* [Input data]:
········

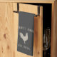 Celebrate life on the farm with this cute personalized kitchen towel featuring your family name or farm name and year established in soft tan lettering accented with a chicken illustration on a charcoal grey background.
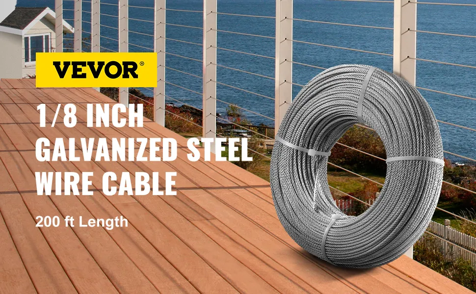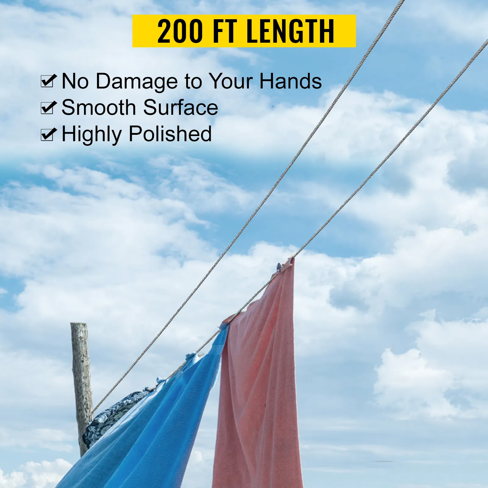 Length: 200'. The wire rope can be cut freely to meet your work requirements without loosening the joint.
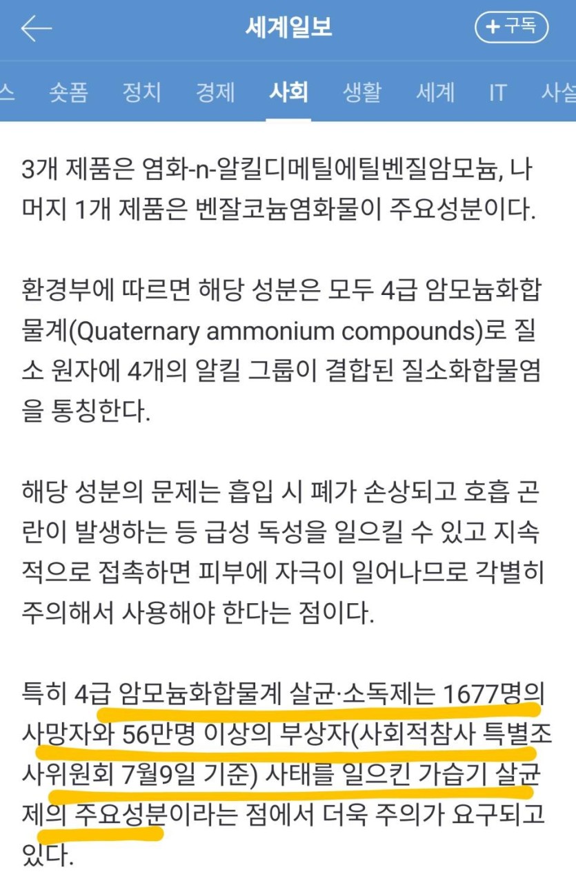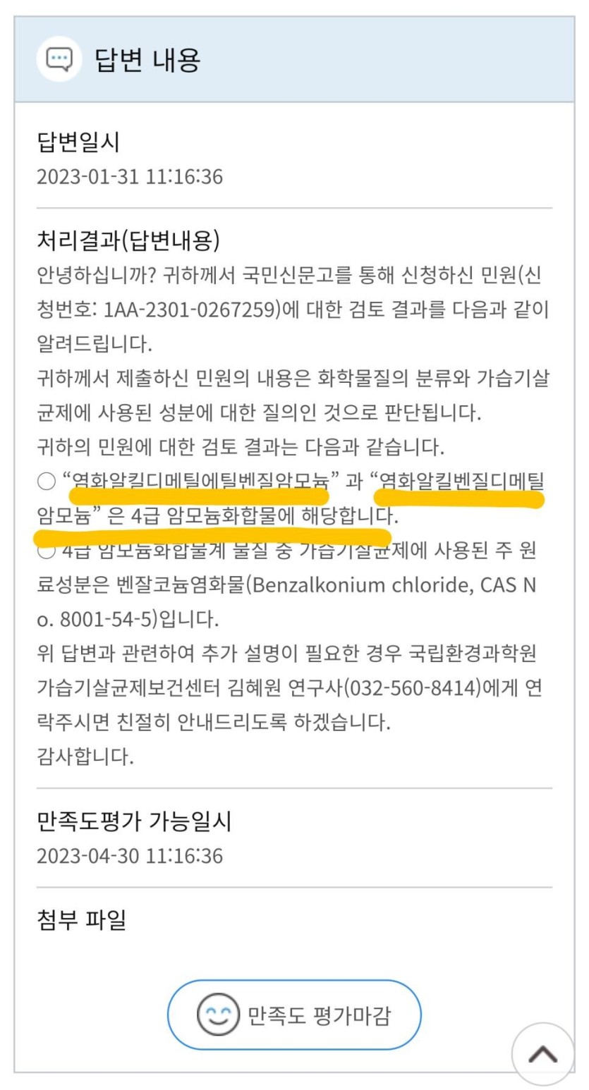 3. 인터넷 검색만 해봐도 4급암모늄 염화벤잘코늄이 가습기살균제 성분일 뿐만아니라, 참사의 원인성분이며 폐로 흡입 시 치명적인 독성물질임을 알 수 있음.

········

* [Aim of the exercise]:
Pictures are not part of the copy. Please reproduce the material word for word.

* [Response area]:
 Celebrate life on the farm with this cute personalized kitchen towel featuring your family name or farm name and year established in soft tan lettering accented with a chicken illustration on a charcoal grey background.
 Length: 200'. The wire rope can be cut freely to meet your work requirements without loosening the joint.
 3. 인터넷 검색만 해봐도 4급암모늄 염화벤잘코늄이 가습기살균제 성분일 뿐만아니라, 참사의 원인성분이며 폐로 흡입 시 치명적인 독성물질임을 알 수 있음.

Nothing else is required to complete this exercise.